• Given information:
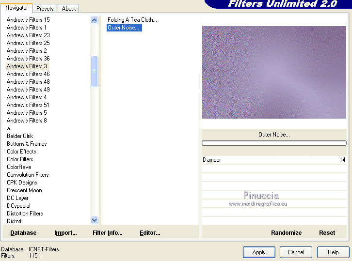 2. Effets>Modules Externes>Filters Unlimited 2.0 - Andrew's Filters 3 - Outer Noise.
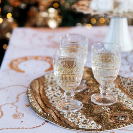 Calice acqua in vetro decorato. Il bicchiere firmato Blanc MariClò ha una lavorazione in rilievo elegante e raffinata.
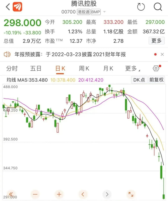 近2日,腾讯股价连续遭遇大跌,2日累计跌幅接近19%,年内跌幅已高达32.8%,这在腾讯历史上是非常罕见的,其最新总市值已跌至2.86万亿港元。
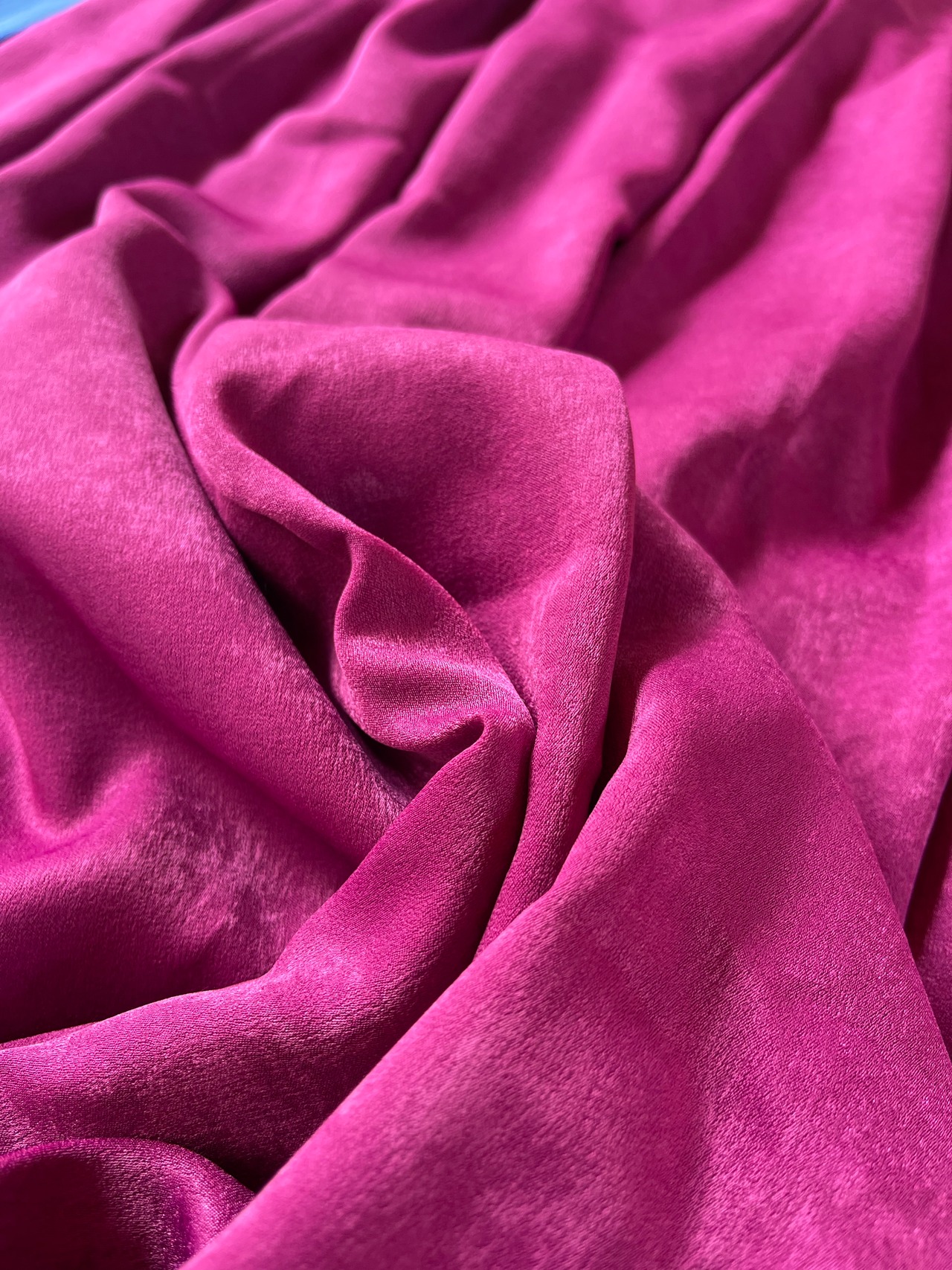 チンチラ加工(シワ加工)によるムラのある光沢によるヴィンテージ感としっとりとしたピーチ感が特徴で、ハリコシなく美しいドレープ感が楽しめる素材です。

• Instructions for the task: The output consists of exactly the lines from the one containing "近2日,腾讯股价连续遭遇大跌" through the last line of the listing, both included, with no pictures.

• Answer below:
 近2日,腾讯股价连续遭遇大跌,2日累计跌幅接近19%,年内跌幅已高达32.8%,这在腾讯历史上是非常罕见的,其最新总市值已跌至2.86万亿港元。
 チンチラ加工(シワ加工)によるムラのある光沢によるヴィンテージ感としっとりとしたピーチ感が特徴で、ハリコシなく美しいドレープ感が楽しめる素材です。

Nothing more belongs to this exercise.